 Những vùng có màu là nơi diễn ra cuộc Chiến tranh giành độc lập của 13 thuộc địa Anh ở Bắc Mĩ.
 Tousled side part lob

======

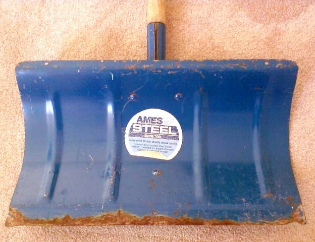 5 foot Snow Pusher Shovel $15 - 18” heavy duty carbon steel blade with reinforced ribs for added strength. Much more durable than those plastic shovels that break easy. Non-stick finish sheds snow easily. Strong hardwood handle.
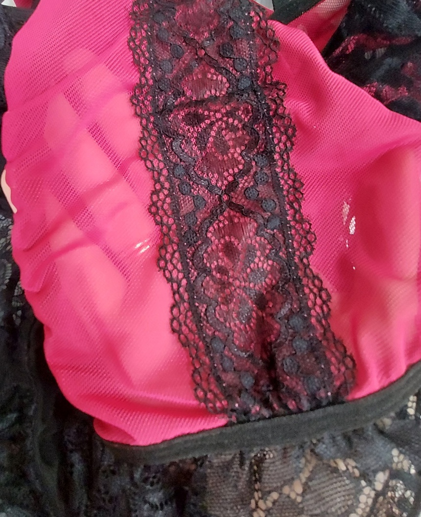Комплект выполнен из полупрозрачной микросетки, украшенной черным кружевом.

======

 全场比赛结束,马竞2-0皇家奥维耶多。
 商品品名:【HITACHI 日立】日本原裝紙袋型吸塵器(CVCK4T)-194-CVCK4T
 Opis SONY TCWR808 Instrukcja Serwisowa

======

WHAT THE EXERCISE ASKS: In your answer, include only the lines above starting at the line that holds "Những vùng có" and ending at the line that holds "Tousled side part lob", copied exactly.

COMPLETED TASK:
 Những vùng có màu là nơi diễn ra cuộc Chiến tranh giành độc lập của 13 thuộc địa Anh ở Bắc Mĩ.
 Tousled side part lob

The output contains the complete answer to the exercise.